◆ **The records**:
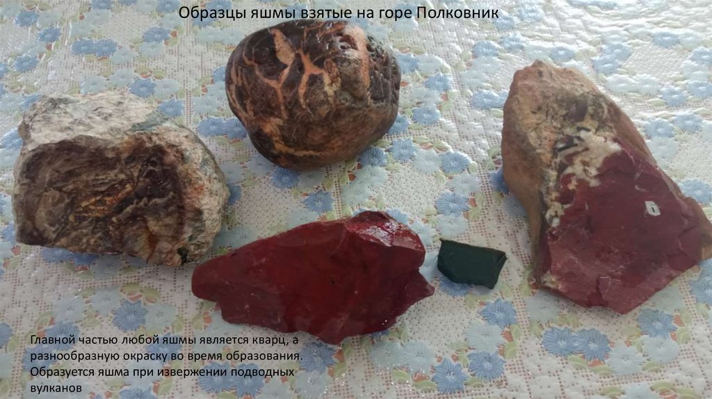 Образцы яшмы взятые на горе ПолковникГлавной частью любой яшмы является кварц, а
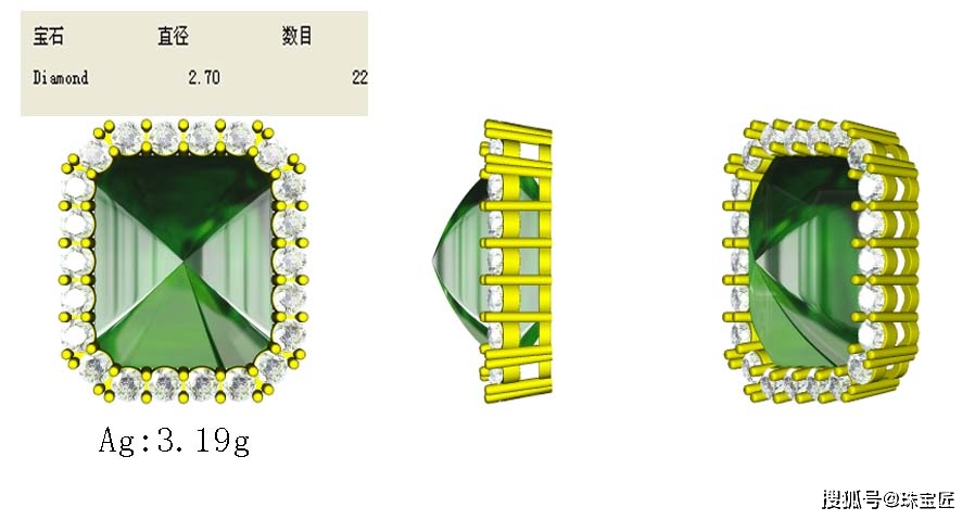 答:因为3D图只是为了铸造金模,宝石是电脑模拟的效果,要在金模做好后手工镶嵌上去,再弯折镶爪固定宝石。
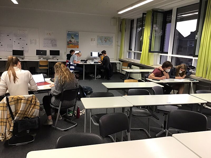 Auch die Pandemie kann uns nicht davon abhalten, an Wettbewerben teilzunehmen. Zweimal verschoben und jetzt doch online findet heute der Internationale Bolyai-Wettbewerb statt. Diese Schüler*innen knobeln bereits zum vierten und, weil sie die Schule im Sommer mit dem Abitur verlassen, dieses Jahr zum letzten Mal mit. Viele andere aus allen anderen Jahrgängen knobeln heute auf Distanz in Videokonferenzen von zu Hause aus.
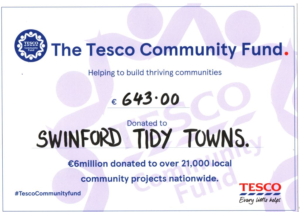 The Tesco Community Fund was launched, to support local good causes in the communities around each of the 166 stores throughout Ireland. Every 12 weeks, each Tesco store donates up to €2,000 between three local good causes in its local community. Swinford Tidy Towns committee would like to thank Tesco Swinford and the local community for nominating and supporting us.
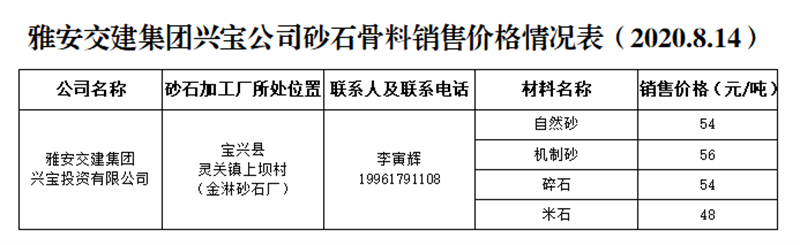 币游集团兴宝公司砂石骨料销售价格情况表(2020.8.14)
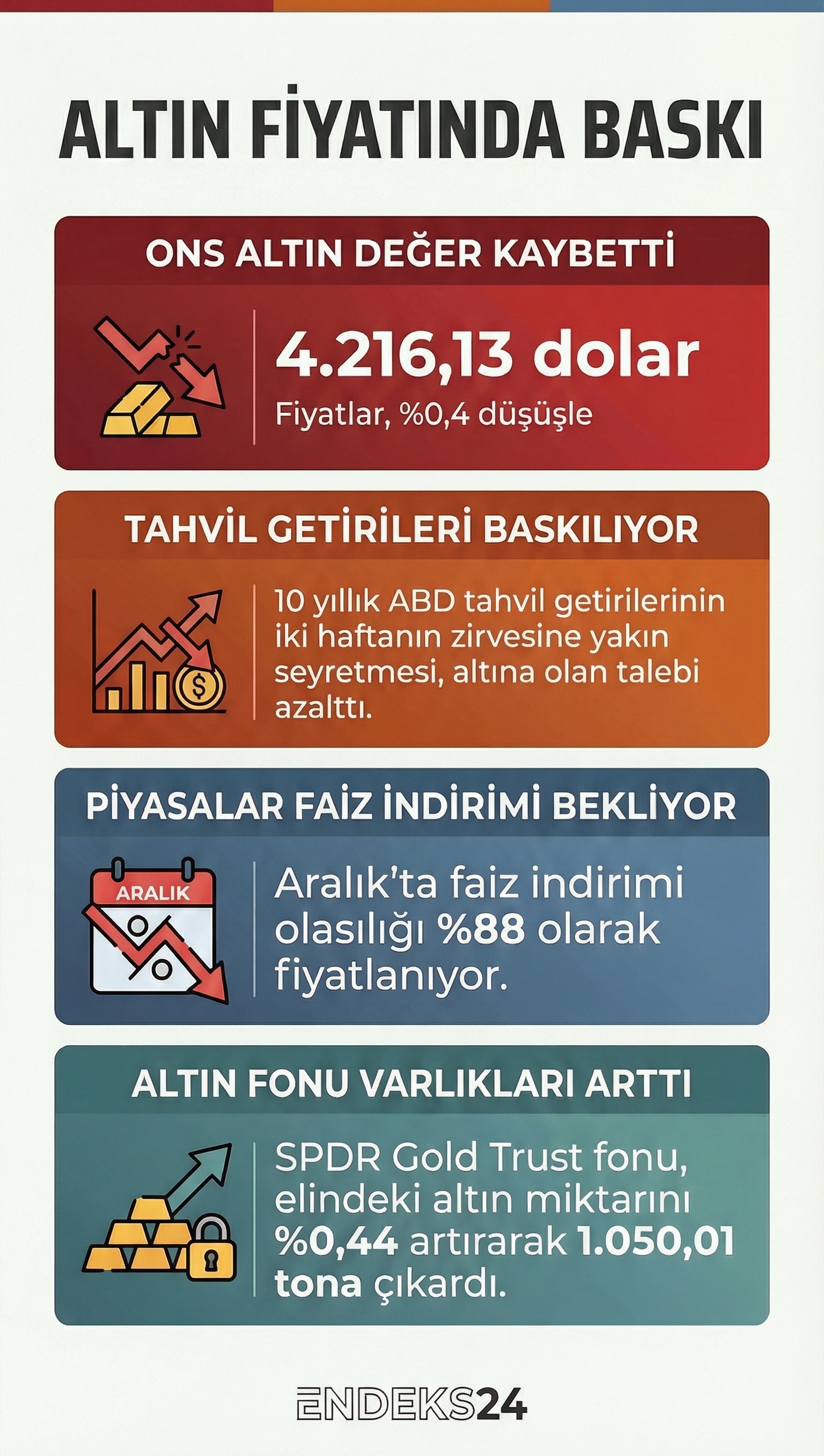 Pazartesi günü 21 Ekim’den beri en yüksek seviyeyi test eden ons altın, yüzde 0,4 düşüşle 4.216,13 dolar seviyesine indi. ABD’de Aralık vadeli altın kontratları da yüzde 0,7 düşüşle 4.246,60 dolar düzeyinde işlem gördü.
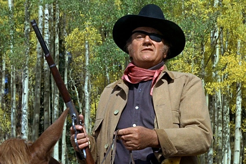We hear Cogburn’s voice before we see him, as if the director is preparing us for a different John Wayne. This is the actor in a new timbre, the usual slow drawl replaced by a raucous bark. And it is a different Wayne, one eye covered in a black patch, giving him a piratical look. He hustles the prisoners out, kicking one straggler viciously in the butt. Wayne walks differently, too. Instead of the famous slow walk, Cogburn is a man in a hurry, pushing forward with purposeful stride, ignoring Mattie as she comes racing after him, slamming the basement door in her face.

◆ **Aim of the task**: No pictures belong in the copy. Retype exactly, and only, the lines from the line containing "币游集团兴宝公司砂石骨料销售价格情况表(2020.8.14)" through the last line of the data, both included.

◆ **Written reply**:
 币游集团兴宝公司砂石骨料销售价格情况表(2020.8.14)
 Pazartesi günü 21 Ekim’den beri en yüksek seviyeyi test eden ons altın, yüzde 0,4 düşüşle 4.216,13 dolar seviyesine indi. ABD’de Aralık vadeli altın kontratları da yüzde 0,7 düşüşle 4.246,60 dolar düzeyinde işlem gördü.
We hear Cogburn’s voice before we see him, as if the director is preparing us for a different John Wayne. This is the actor in a new timbre, the usual slow drawl replaced by a raucous bark. And it is a different Wayne, one eye covered in a black patch, giving him a piratical look. He hustles the prisoners out, kicking one straggler viciously in the butt. Wayne walks differently, too. Instead of the famous slow walk, Cogburn is a man in a hurry, pushing forward with purposeful stride, ignoring Mattie as she comes racing after him, slamming the basement door in her face.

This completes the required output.